For Patients & Caregivers
Insulin Potentiation Therapy has not been shown to treat or prevent cancer.
Insulin potentiation therapy involves administering insulin at the same time as chemotherapy drugs, with the idea that lower chemotherapy doses are then needed because insulin lets more of the drug enter cells. However, this has not been proven experimentally.
In general, insulin should not been taken by non-diabetics because it can decrease blood sugar to dangerously low levels, causing symptoms such as headache and delirium.

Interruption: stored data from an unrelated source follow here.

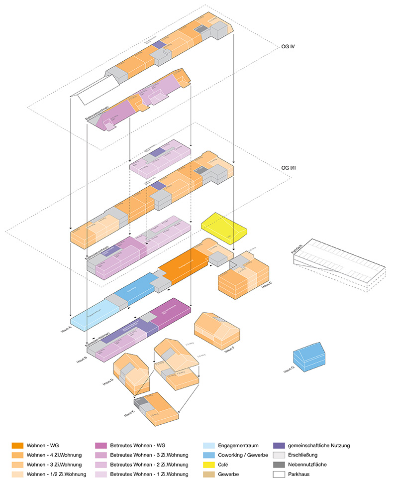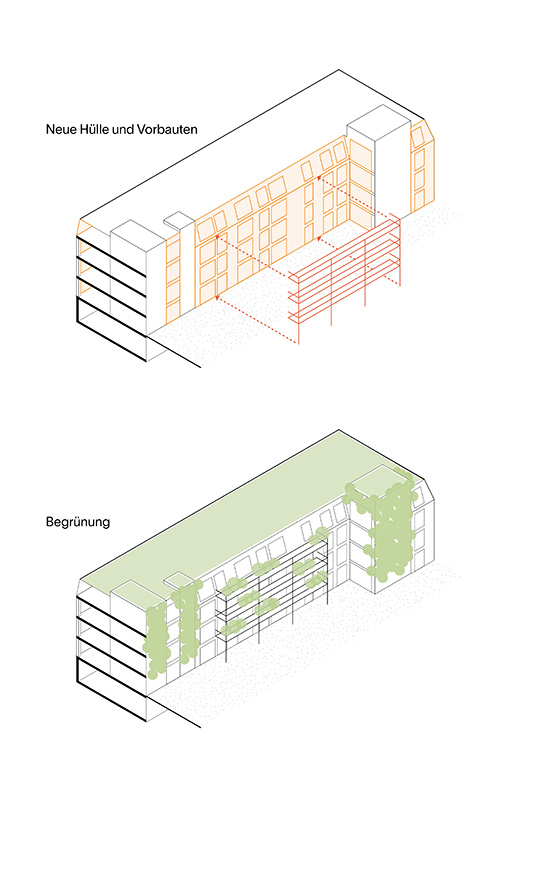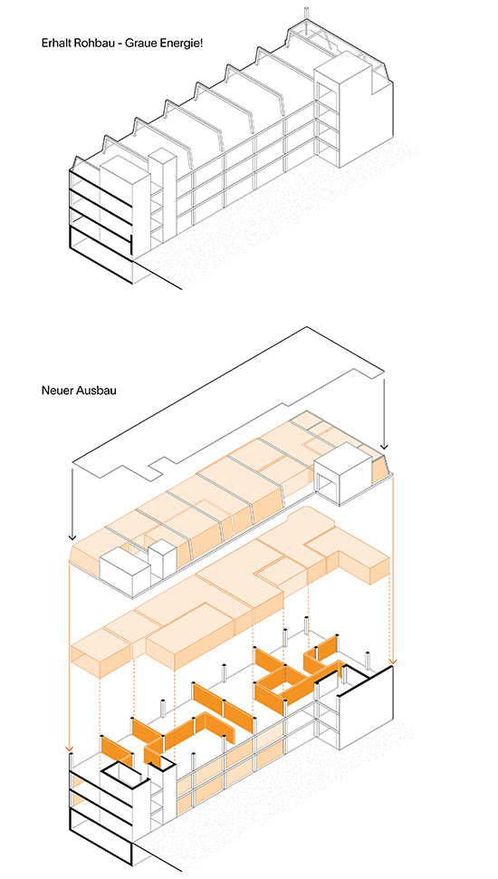 Die robuste Stahlbetonskelettstruktur ermöglicht flexible neue Nutzungen und bewahrt zugleich große Mengen grauer Energie. Bestehende Gebäude werden umgenutzt, ergänzt und energetisch ertüchtigt, neue Bauteile in nachhaltiger Holzbauweise hinzugefügt. Insgesamt entstehen rund 90 Wohnungen, darunter auch Angebote für betreutes Wohnen, ergänzt durch Coworking, Engagementräume und gewerbliche Nutzungen. Photovoltaik, begrünte Dächer und Fassaden sind integraler Bestandteil des Energiekonzepts.
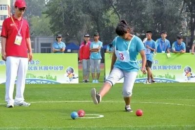 蹴球源于清代的踢石球。蹴球比賽分兩隊進行,每隊兩名運動員。比賽時腳跟著地,腳掌觸球,用力蹴球。擊中對方球,得1-2分,把對方球擊出場外得4分,先積80或100分者為勝方,三局兩勝。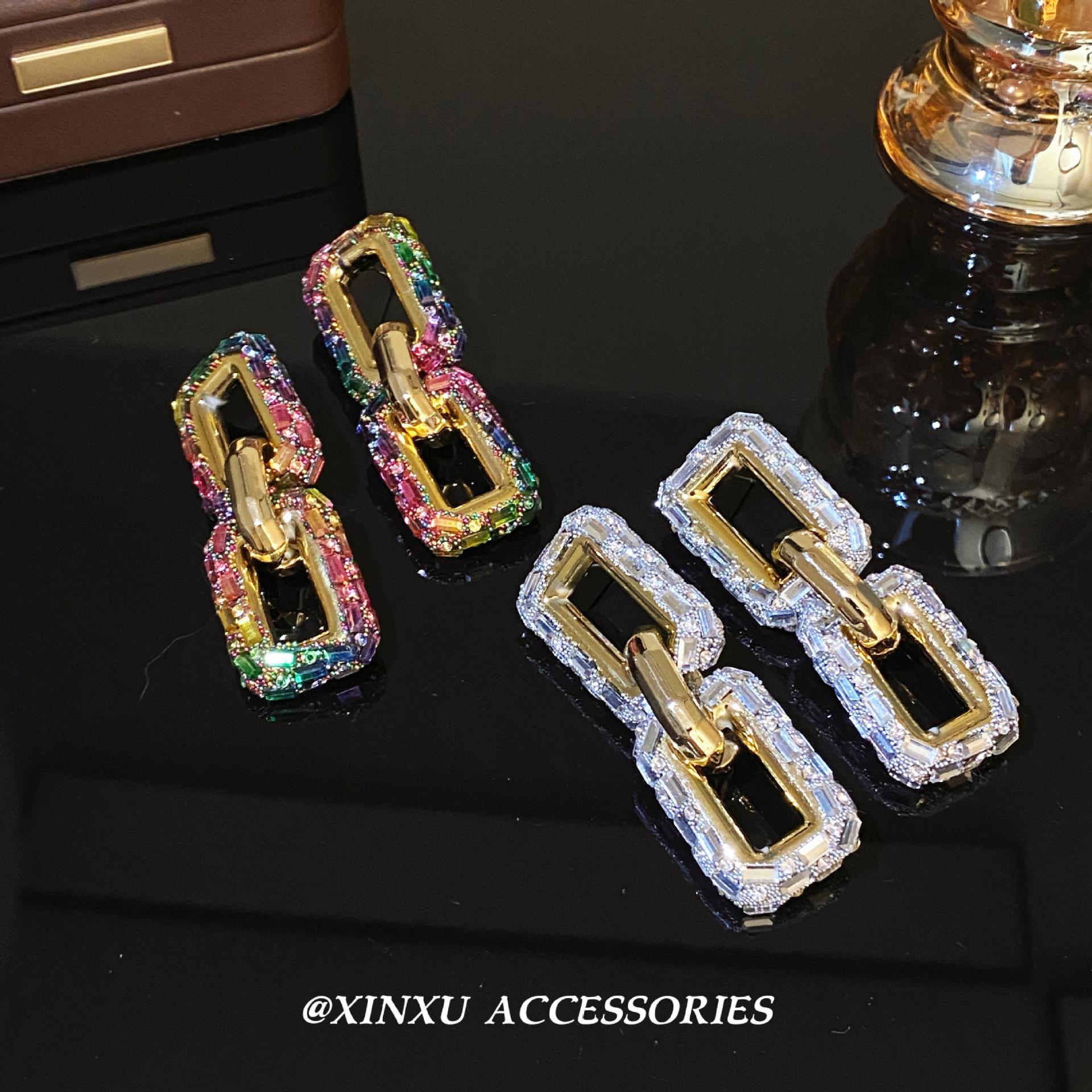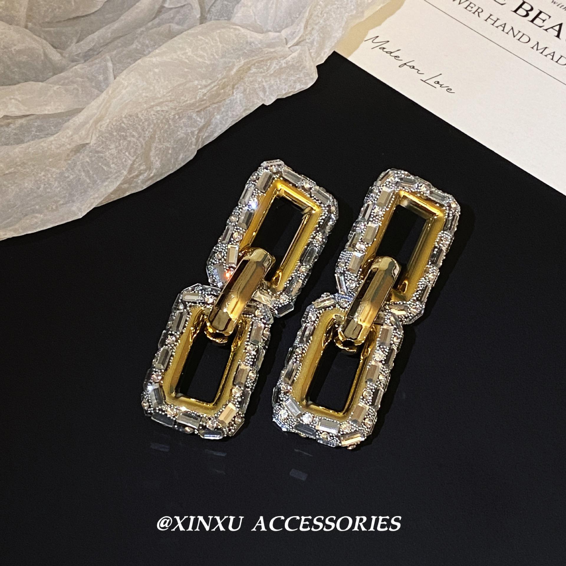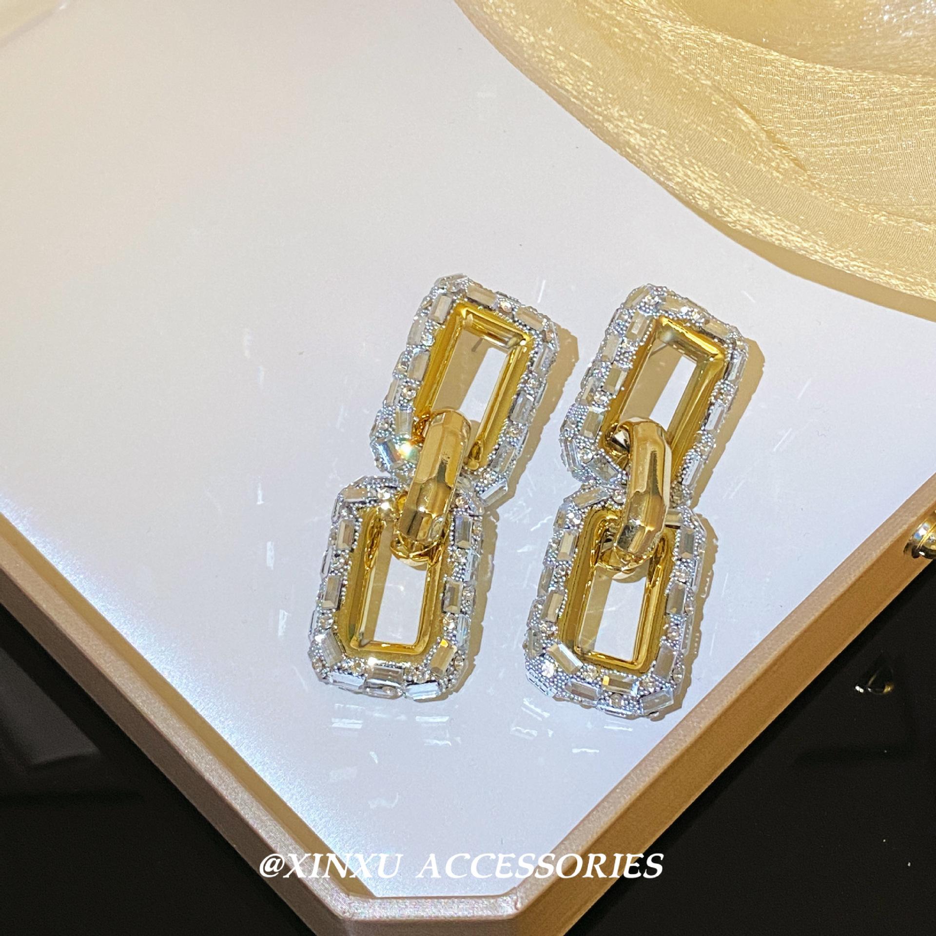 Compra Nuevos pendientes de cadena con forma de caja geométrica europea y americana, con personalidad de temperamento exagerada, de alto sentido, de nicho, sencillos y versátiles. al por mayor en Joom.pro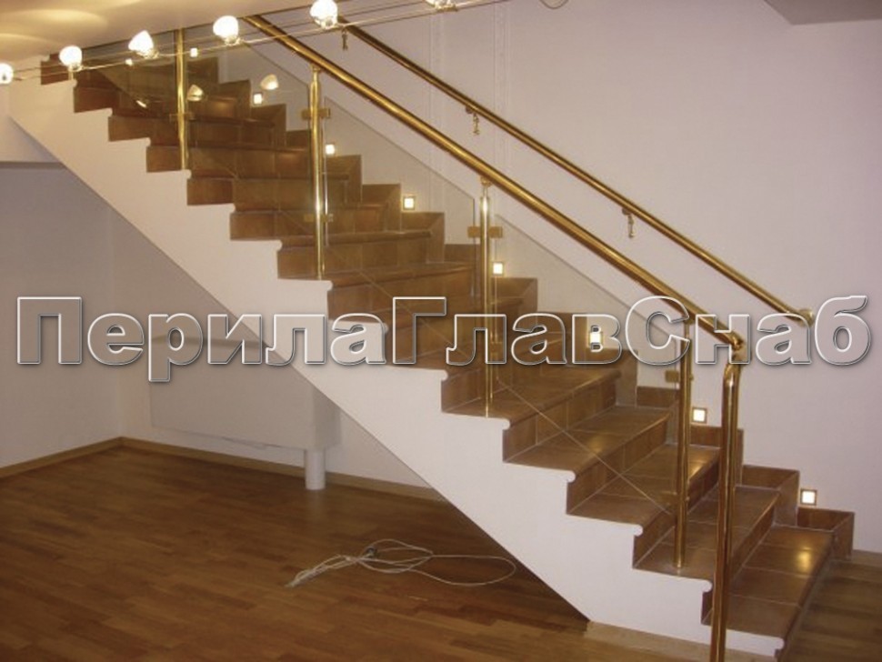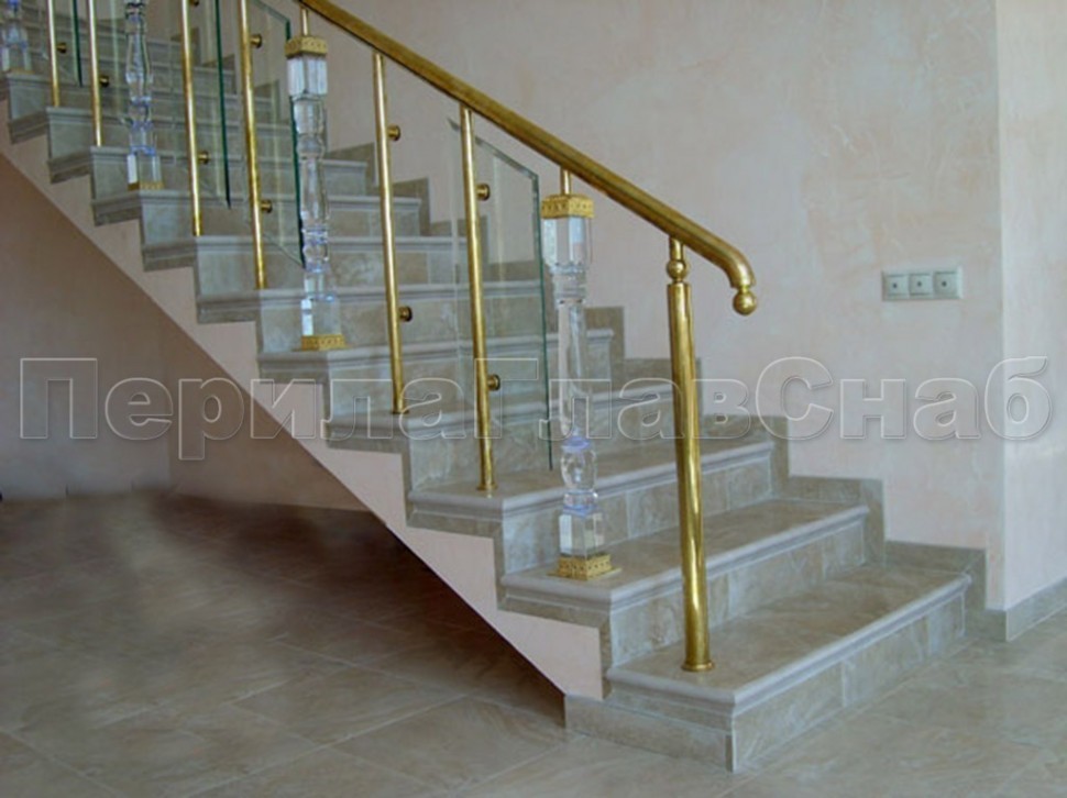 Лестничное ограждение с тремя ригелями и поручнем из латуни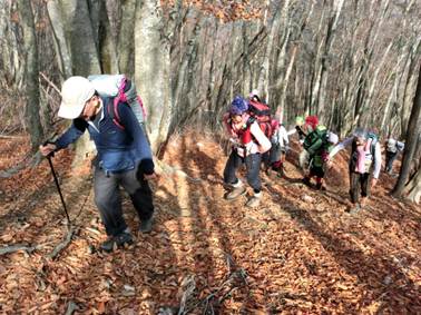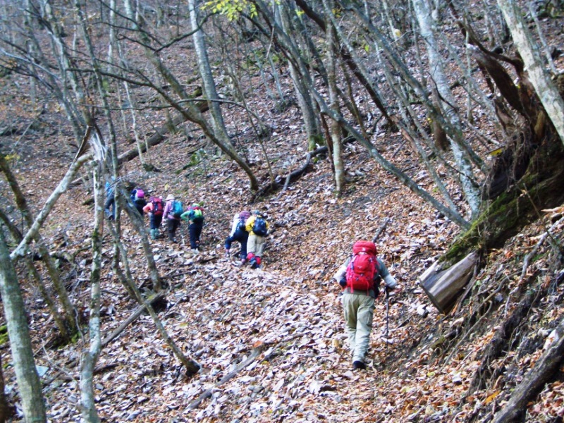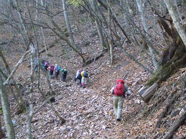 【稲村岩からの登り 】 急登で全員上を見る余裕なし |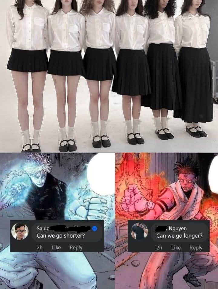 This FunnyMemes, ReactionMemes, FashionMemes meme features Top: Six people standing side by side wearing white blouses and black pleated skirts of varying lengths from very short to ankle length. Bottom: Two anime-style fighters with blue and red energy; overlaid comment boxes read "Can we go shorter?" on the left and "Can we go longer?" on the right.. Created and shared on Jart.lol, this image meme represents the best of internet culture and humor.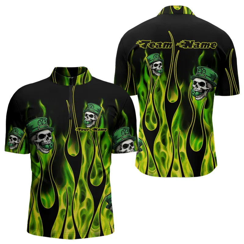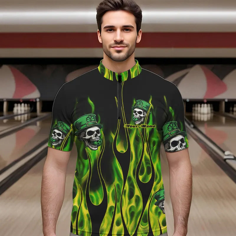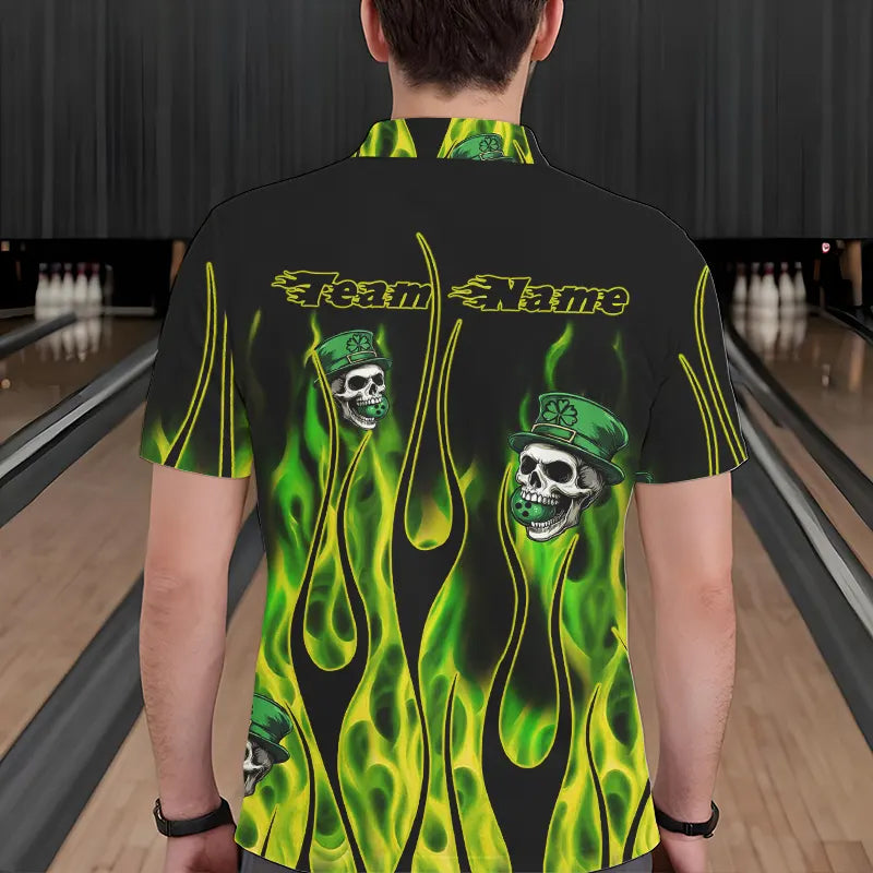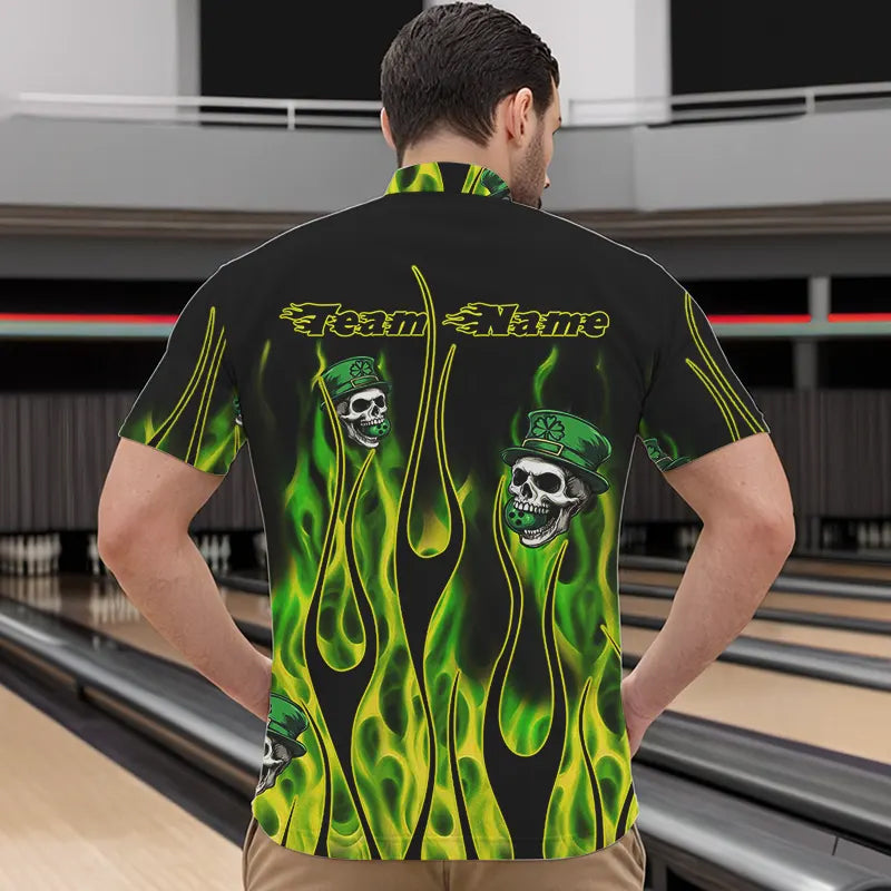 Green Flame clover skull St Patrick's Day Mens bowling shirts Custom Lucky Bowling Team Jerseys NQS9379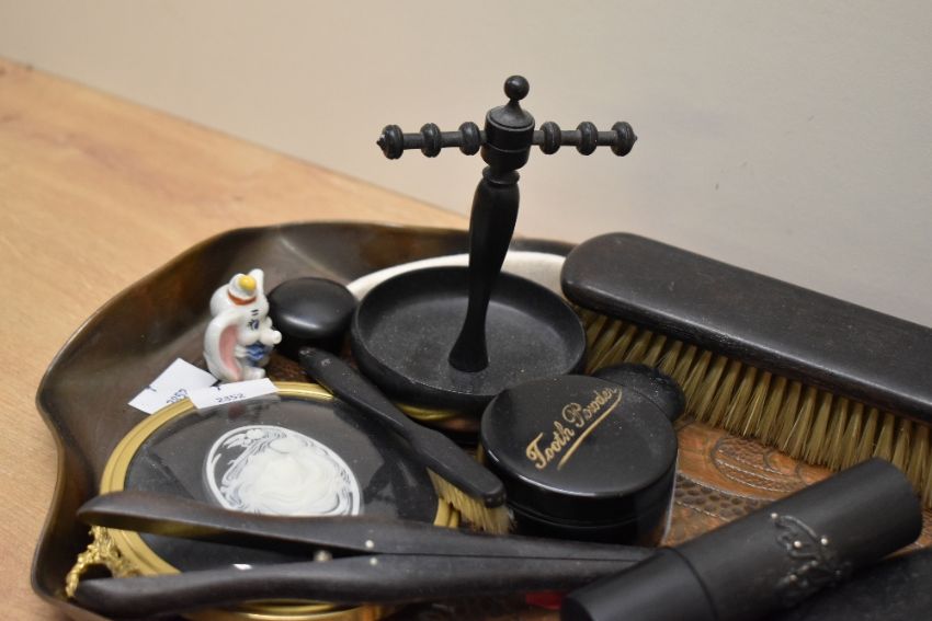 A selection of late 19th to 20th-century sundry vanity ware, to include a copper Arts and Crafts tray with a scalloped rim and hand-hammered foliate decoration; two miniature ebony screw-top boxes; a Swarovski crystal water lily candle holder; an ebony vanity set comprising brushes with natural bristles and metal monogram ‘M’ inlay; an ebony needle case; and more, (approximately 15 pieces), condition is consistent with age and use.

For Healthcare Professionals
Insulin Potentiation Therapy (IPT) is an alternative cancer therapy that uses insulin to potentiate the effects of chemotherapy and other medications. This therapy was developed in Mexico by Dr. Donato Perez Garcia in the 1930s and has been used together with other unconventional therapies for many years (1). Advocates of IPT believe that cancer cells consume more sugar than healthy cells and are therefore more sensitive to insulin and insulin-like growth factor (IGF) (2) (7). Insulin is also believed to increase the permeability of cell membranes, increasing the intracellular concentration and cytotoxic effect of anticancer drugs (1). According to the theory underlying this therapy, if cancer cells can be activated by exogenous insulin, a reduced dose (up to one-tenth the normal dose) of a chemotherapy drug can provide the same cytotoxic effects with less severe adverse reactions. The pharmacokinetic profiles on concurrent use of insulin and chemotherapy drugs are lacking and it is unclear whether insulin also potentiates toxic effects of chemotherapy on healthy cells. Exploratory studies suggest some benefit with a combination of chemotherapy and IPT (9) (10), but well-designed clinical trials have not been conducted.
Many of the medications used in IPT, such as insulin and other chemotherapy drugs, are FDA-approved but IPT clinics administer them “off-label.” Furthermore, some clinics that administer IPT are not operated or staffed by oncologists. Side effects of IPT include hypoglycemic reaction. A systematic review of 21 studies showed a correlation between circulating levels of IGF-I, IGFBP3 (IGF-binding protein) and an increased risk of common cancers (8).
IPT is a treatment strategy that utilizes the physiological activities of insulin. It is based on the theory that insulin and insulin-like growth factor (IGF) play an important role in the cell cycle. IGF has been shown to affect proliferation, adhesion, and migration of normal as well as cancerous cells (2) and certain IGF receptors are found to be overexpressed in many forms of cancer. Therefore, cancer cells may be selectively more sensitive than normal cells to IGF (1) (7).
IGF receptors can be activated by exogenous insulin. Insulin is also believed to increase the permeability of cell membranes, leading to the increased intracellular concentrations and cytotoxic effects of anticancer drugs.
Proponents argue that insulin synergistically enhances the efficacy of anticancer drugs so that a reduced dose can be used with similar cytotoxic effects (5) (6). However, the role of IGF receptors in cancer treatment appears to be more complex. At least one study has demonstrated that IGF receptor inhibition can also increase the effects of anticancer drugs (3).